Start of Block
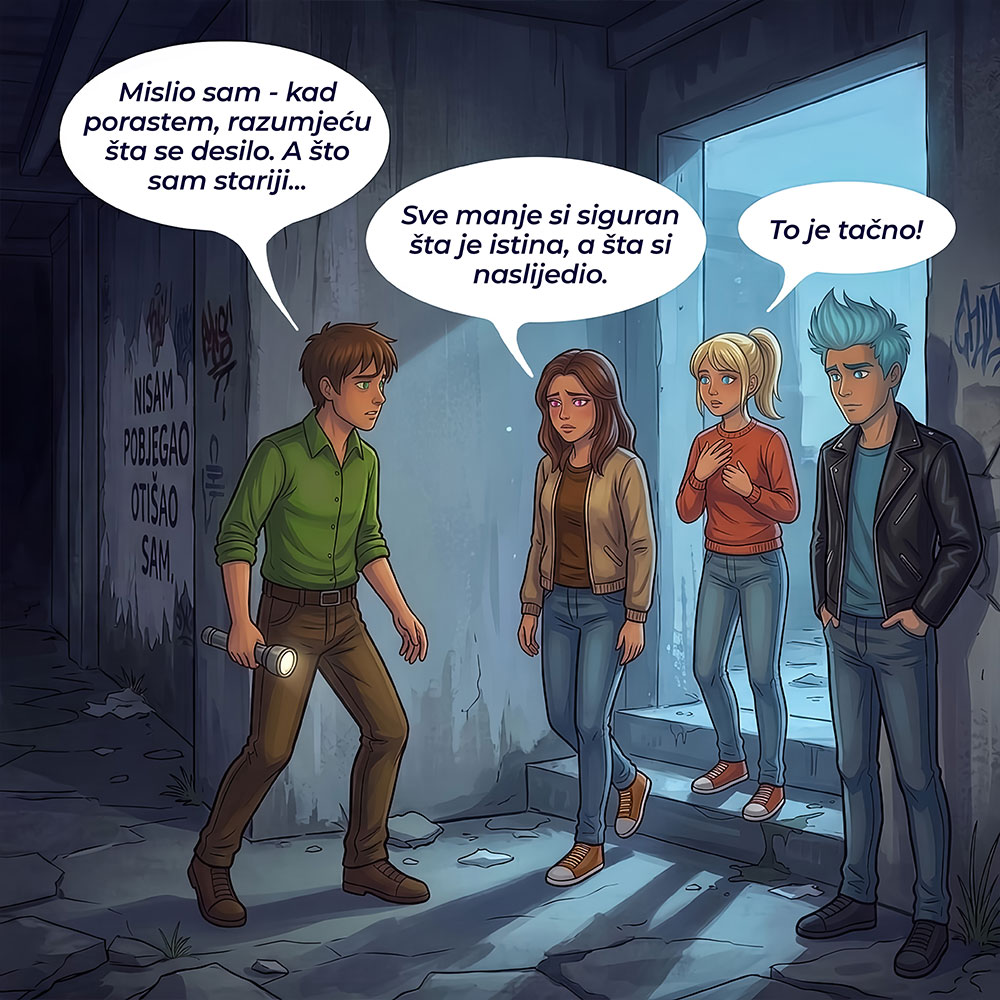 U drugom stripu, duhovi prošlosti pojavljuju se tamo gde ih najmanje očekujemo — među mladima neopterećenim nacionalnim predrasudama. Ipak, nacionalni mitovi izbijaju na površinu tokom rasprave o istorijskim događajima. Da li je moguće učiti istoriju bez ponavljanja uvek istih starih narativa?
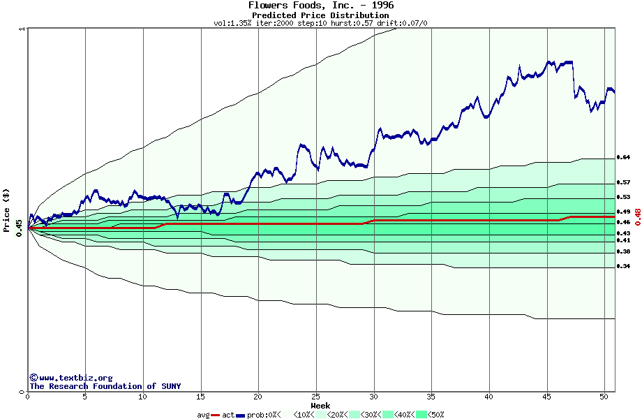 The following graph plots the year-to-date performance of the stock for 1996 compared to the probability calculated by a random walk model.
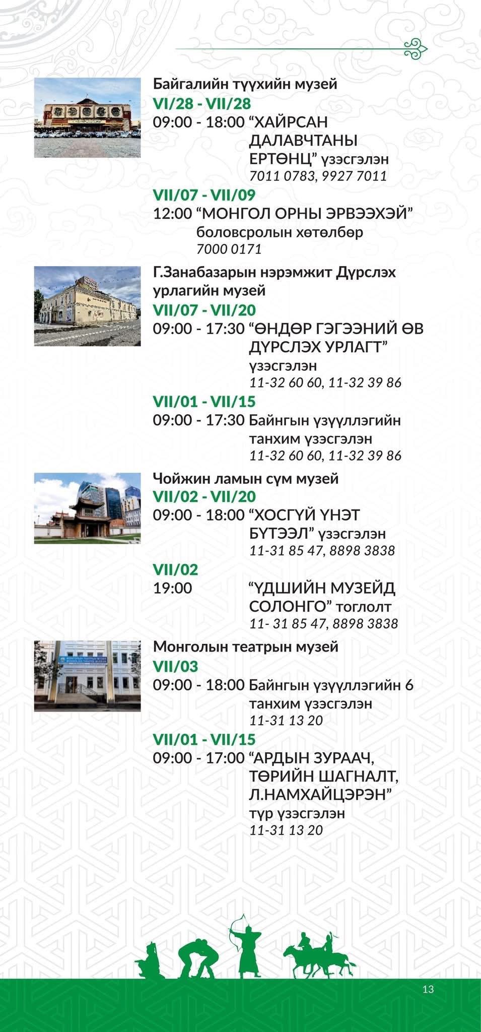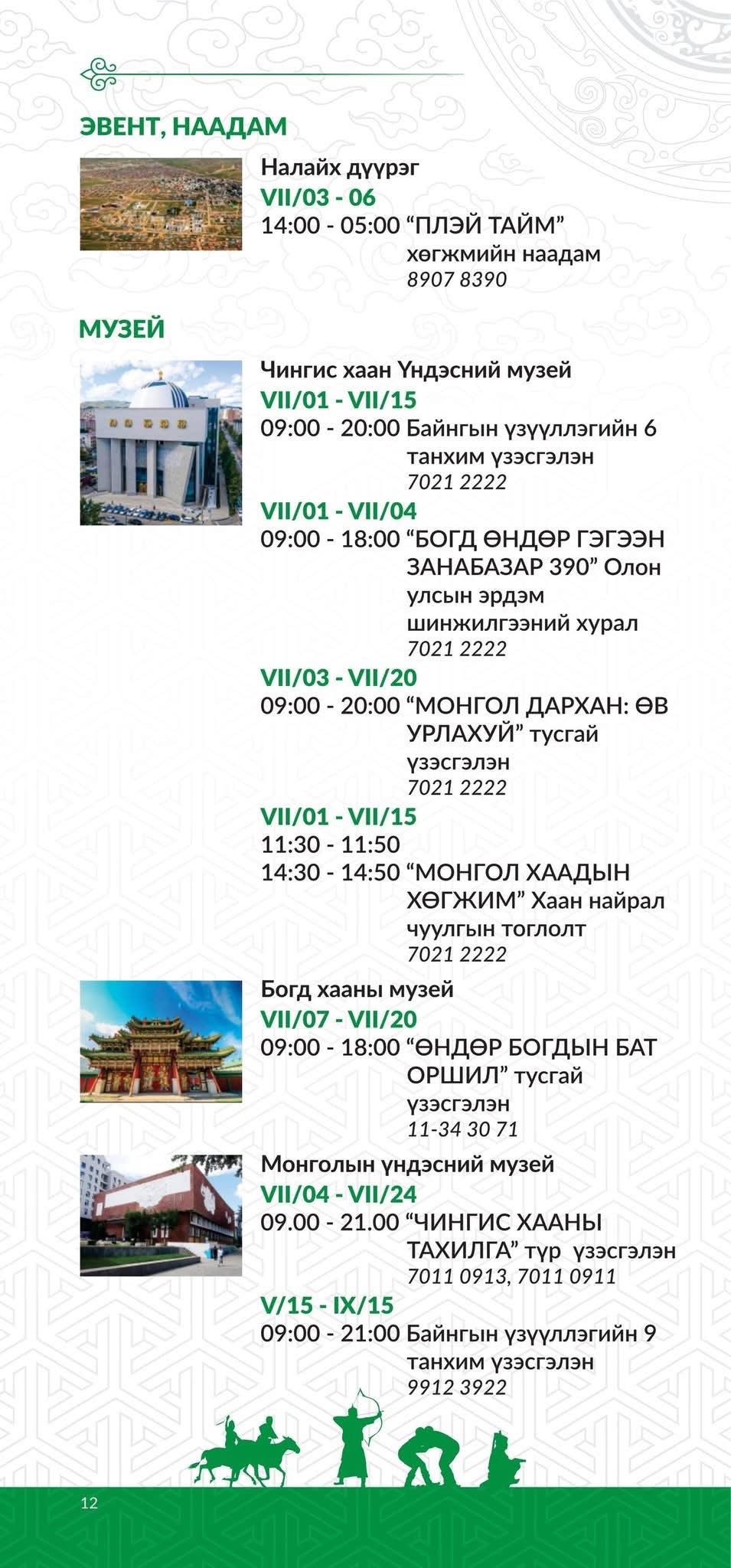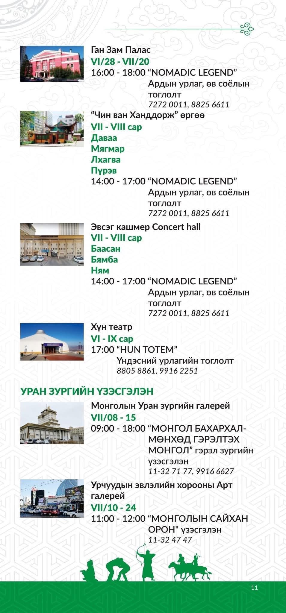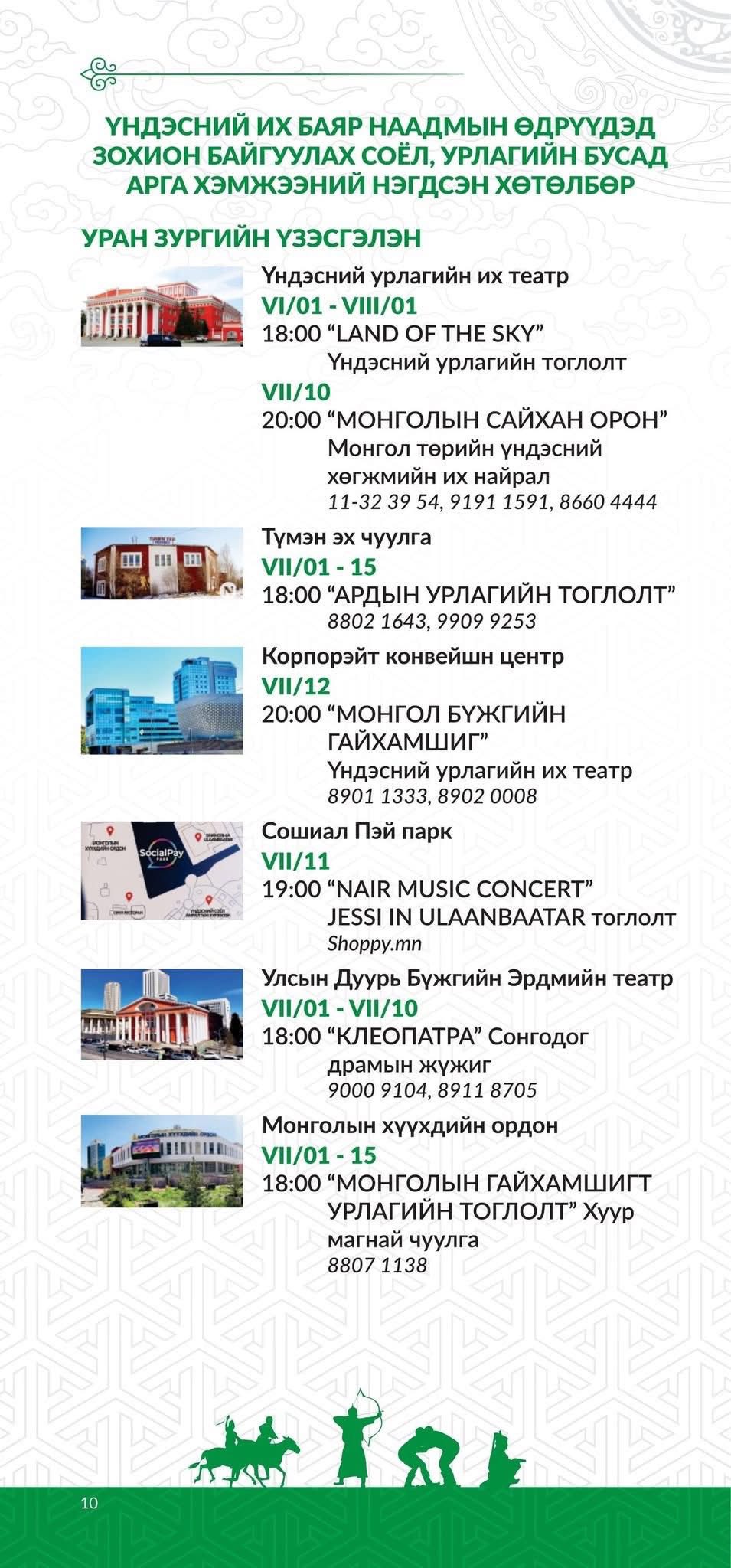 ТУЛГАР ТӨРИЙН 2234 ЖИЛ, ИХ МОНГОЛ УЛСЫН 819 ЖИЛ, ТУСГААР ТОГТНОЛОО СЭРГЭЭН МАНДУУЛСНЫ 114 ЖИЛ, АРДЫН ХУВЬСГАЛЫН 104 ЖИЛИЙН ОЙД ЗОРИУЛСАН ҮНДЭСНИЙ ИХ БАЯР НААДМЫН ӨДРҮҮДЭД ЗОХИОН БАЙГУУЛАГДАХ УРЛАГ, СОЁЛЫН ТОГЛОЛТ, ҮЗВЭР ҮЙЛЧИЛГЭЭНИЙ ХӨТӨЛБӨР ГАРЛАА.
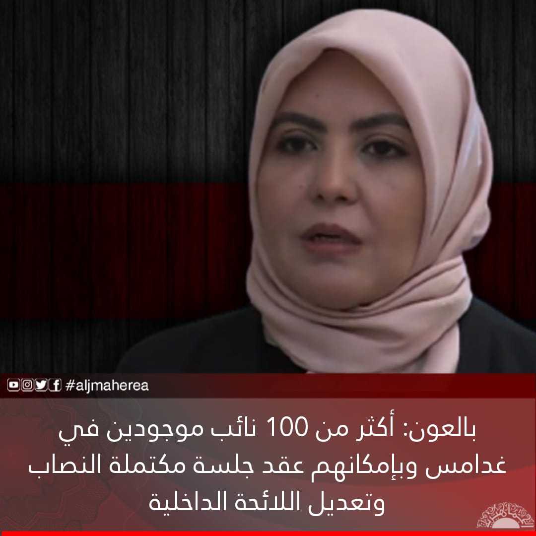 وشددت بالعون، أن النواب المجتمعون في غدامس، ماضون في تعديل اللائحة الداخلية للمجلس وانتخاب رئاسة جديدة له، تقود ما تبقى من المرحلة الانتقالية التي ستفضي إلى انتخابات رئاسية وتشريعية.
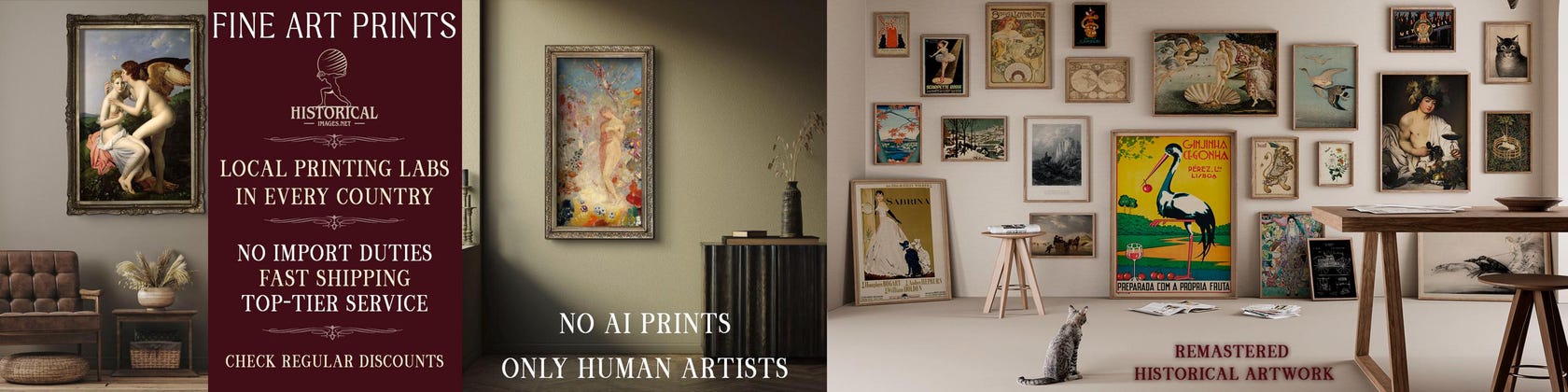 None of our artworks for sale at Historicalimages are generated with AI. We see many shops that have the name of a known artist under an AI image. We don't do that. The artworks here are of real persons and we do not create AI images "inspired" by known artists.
End of Block
◆ **Exercise instructions**: "The following graph" marks the first line to copy, and "وشددت بالعون، أن" marks the last. Repeat that stretch above exactly, with no pictures.

◆ **Solution to this task**:
 The following graph plots the year-to-date performance of the stock for 1996 compared to the probability calculated by a random walk model.
 ТУЛГАР ТӨРИЙН 2234 ЖИЛ, ИХ МОНГОЛ УЛСЫН 819 ЖИЛ, ТУСГААР ТОГТНОЛОО СЭРГЭЭН МАНДУУЛСНЫ 114 ЖИЛ, АРДЫН ХУВЬСГАЛЫН 104 ЖИЛИЙН ОЙД ЗОРИУЛСАН ҮНДЭСНИЙ ИХ БАЯР НААДМЫН ӨДРҮҮДЭД ЗОХИОН БАЙГУУЛАГДАХ УРЛАГ, СОЁЛЫН ТОГЛОЛТ, ҮЗВЭР ҮЙЛЧИЛГЭЭНИЙ ХӨТӨЛБӨР ГАРЛАА.
 وشددت بالعون، أن النواب المجتمعون في غدامس، ماضون في تعديل اللائحة الداخلية للمجلس وانتخاب رئاسة جديدة له، تقود ما تبقى من المرحلة الانتقالية التي ستفضي إلى انتخابات رئاسية وتشريعية.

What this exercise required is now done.